Eastern European journalists' ongoing battle

Journalists working in Eastern Europe and Russia face the double digital security threats of targeted surveillance and hacking attacks by cybercriminals.

Eastern Europe has long been home to some of the most advanced cybercriminals in the world. On top of the threats of falling prey to ransomware or phishing attacks, reporters and activists in former Soviet bloc states are being increasingly targeted by Russian-backed information warfare and cyberoperations. 

#mediadev talks to Mykhailo Koltsov, an expert in cybersecurity for journalists and the cofounder of StopFake.org about digital safety in Eastern Europe and what journalists can do to protect themselves. 

#mediadev: Which countries in Eastern Europe are the most vulnerable in terms of digital security?

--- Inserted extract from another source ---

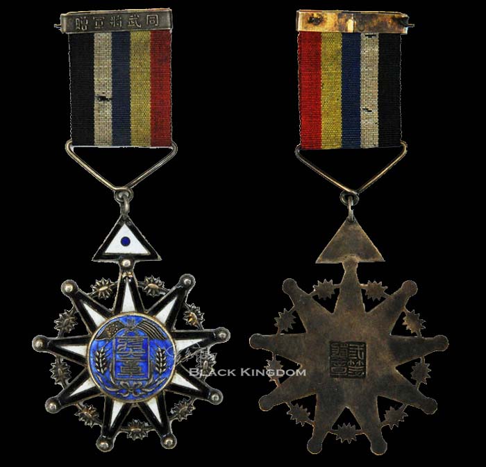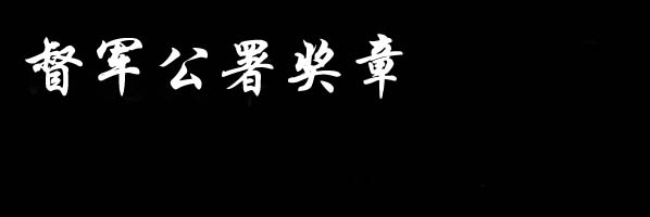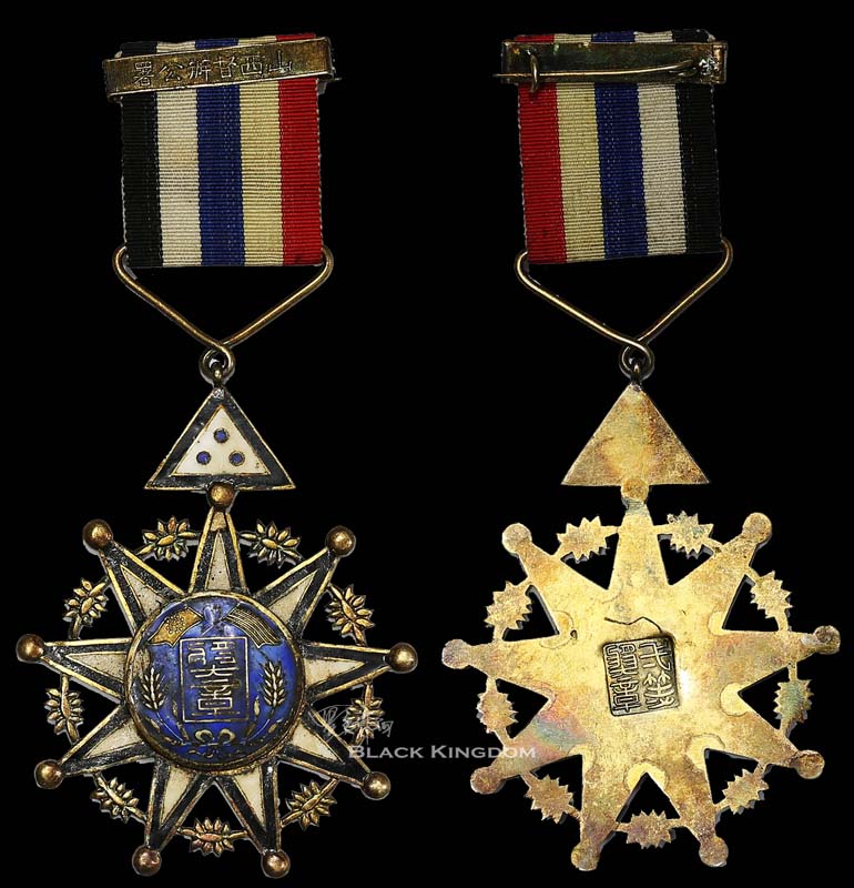 督军公署奖章,九角形,中间嘉禾和国旗、军旗图案,文字“奖章”,饰挂为黑边白底三角形,中间一等为三颗蓝色圆点,二等二颗,三等一颗。绶带为五色国旗,上有横条饰条,文字“山西督办公署”或“同武将军赠”。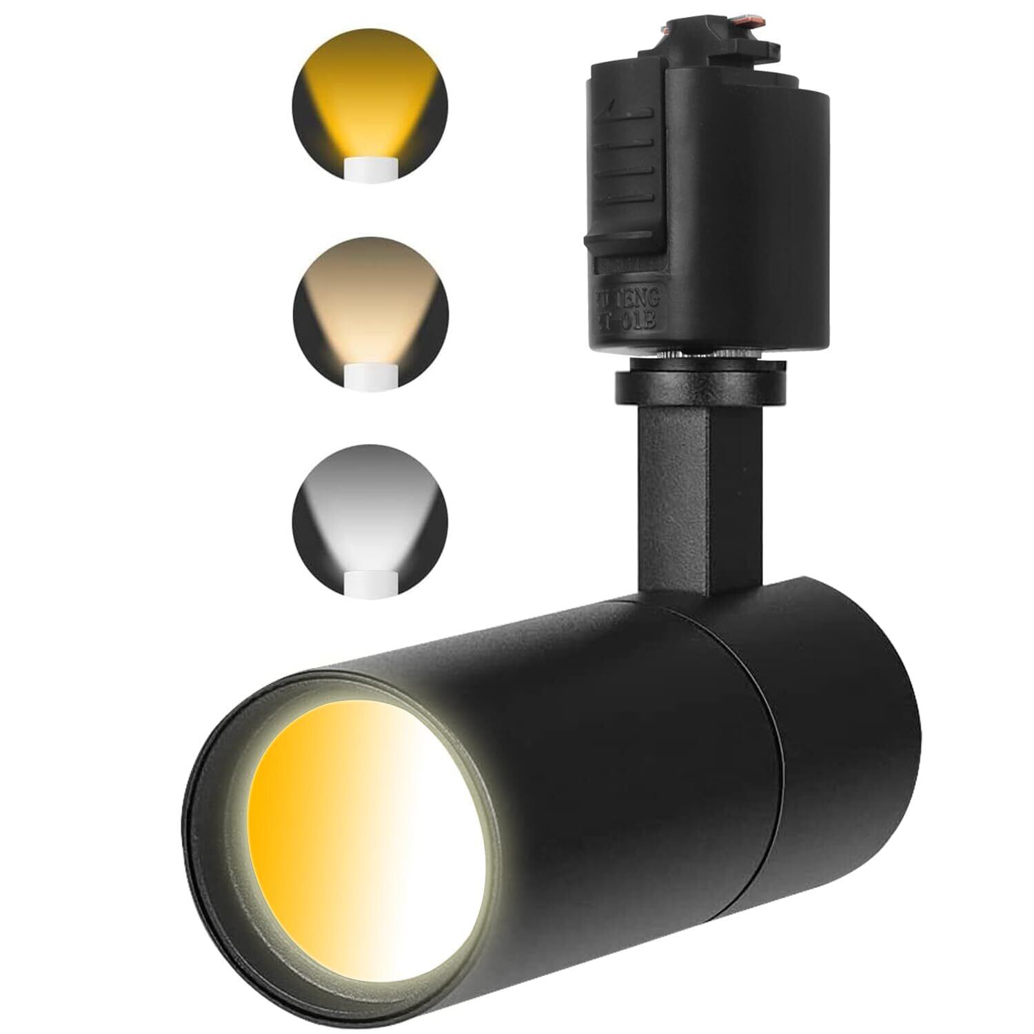 【製品仕様】一体型 レール用スポットライト;消費電力:10W、 白熱電球100W形相当;全光束:1000LM;寸法:直径48mmx高さ120mm;入力電圧:AC85-265V 50/60Hz;色温:電球色& 昼光色 &昼白色(3000K-4500K-6000K);演色性:Ra98;ビーム角度:36° ;材質: アルミニウム、PC;パッケージ:ブラック 1個セット;調光可能:はい;リモコン:いいえ ;使用環境温度:-20℃~+40℃/使用環境湿度:75%以下。

Mykhajlo Kolstov: No country can claim it isn't vulnerable but I think Russia faces the greatest risks. The state, security services and industry are enmeshed and they've dismantled protections of journalists' rights. They can access journalists' equipment without fearing legal repercussions and new anti-terrorism legislation [passed in June 2016] has made things worse. Under the so-called "Yarovaya law", punishment has increased for those expressing "extremist" opinions [and the law is increasingly being brought against social media users critical of Russia's involvement in Ukraine, for example]. This is quashing people's freedom to express opinions on the Internet.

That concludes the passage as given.